By “design”, I mean the
imposition of will or any other mental process on any object, substrate,
structure, or system within the environment, OR the plan for such a translation,
transcription, or imposition. To
arrange things in one’s environment according to some need, intention,
purpose, or whim constitutes “design.”
Some designs can be practical, while others can be aesthetic expressions
that can be an end in and of themselves.
When I call myself a “designer,”
I tend to be referring less to the aesthetic and more to the functional
qualities of a given system. Many
of my designs are often focused on ergonomic concerns.
For example, what makes one chair more comfortable than another? What are the architectural advantages of a vertical-walled
pyramid as compared to a sloped-wall pyramid?
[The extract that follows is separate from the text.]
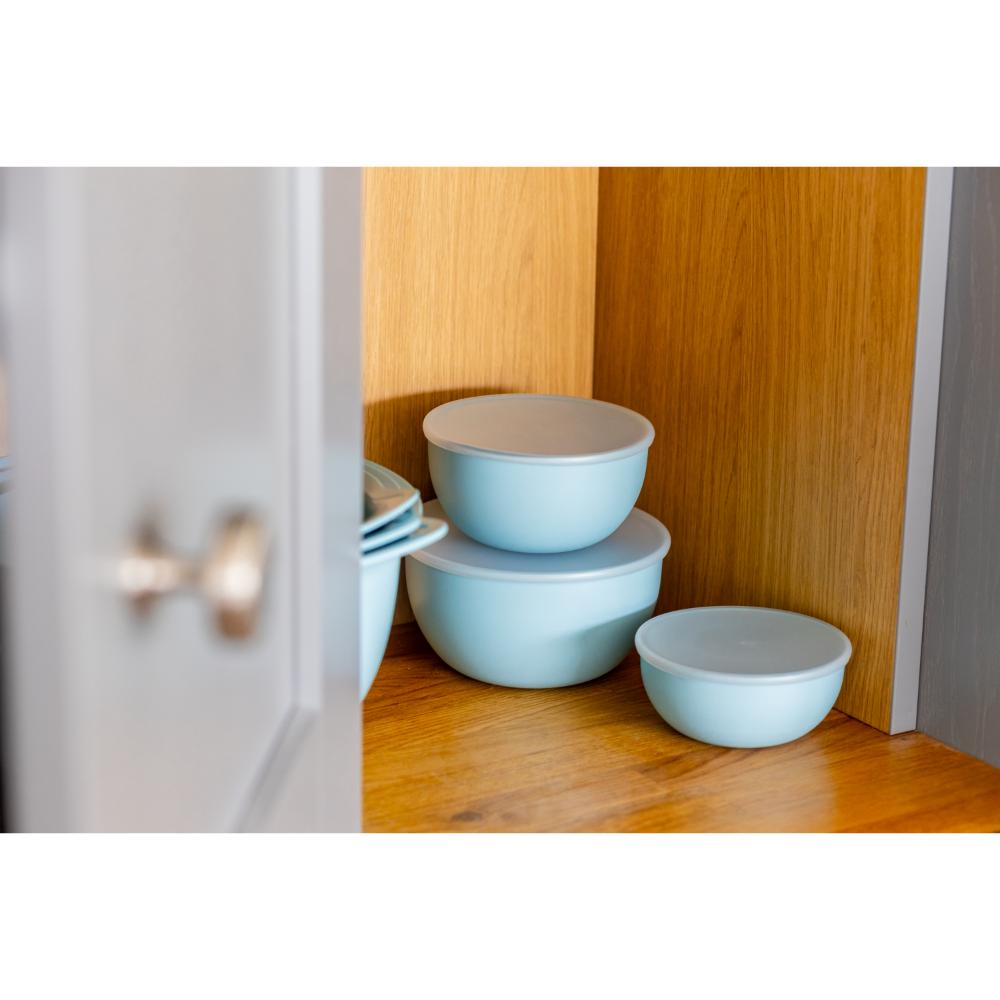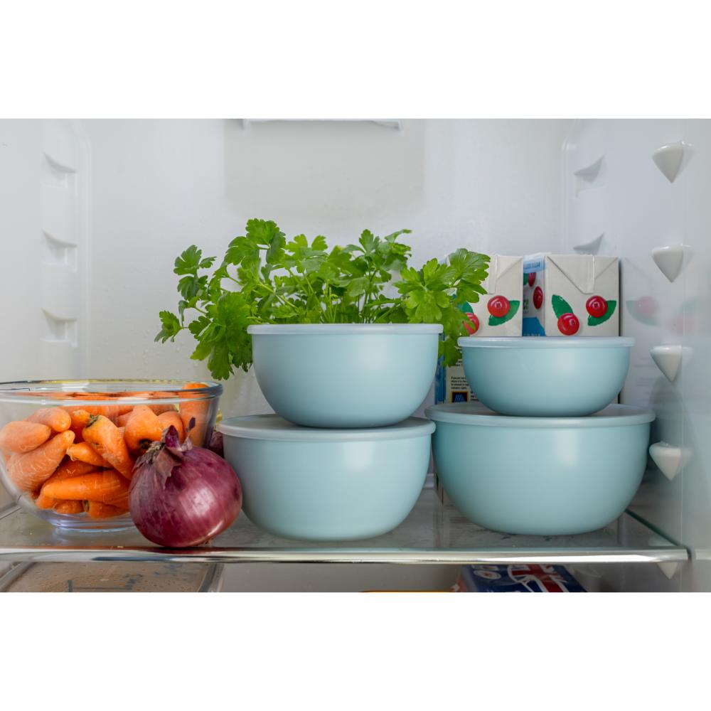 This KitchenAid Meal Prep Bowl Set includes 1½, 2½, 3½ and 4½ cups (equivalent to 355ml, 591ml, 828ml and 1065ml sizes). The bowls come with covers and they nest together to save space between uses. They are dishwasher-safe for easy cleanup, and microwave safe for up to five minutes.

Etc. In other instances, my designs are devices that serve as tools
that help facilitate certain processes, such as the design for PDA to help one
be more productive.
I tend to use the word “art” for those systems in which aesthetics is being more emphasized than functionality. Thus, for me, “art” and “design” are two dimensions that can vary independently of each other. Of course, my preference would be to see them both maximized. And despite my theoretically conceptualizing them as independent dimensions, they interact in the minds of most people. That is, within the mind of an experiencer, aesthetics and functionality are generally not experienced as mutually exclusive. A “functional” design can be beautiful to some precisely BECAUSE it IS functional. To some at the extreme, that which is not functional has no beauty at all. Conversely, beauty is NOT independent of function. For example, beauty can cause attraction, which can have the function of biological reproduction. That is, even though art (or beauty) and design (functionality) CAN vary independently of the other, changes in one will TYPICALLY be correlated with changes in the other.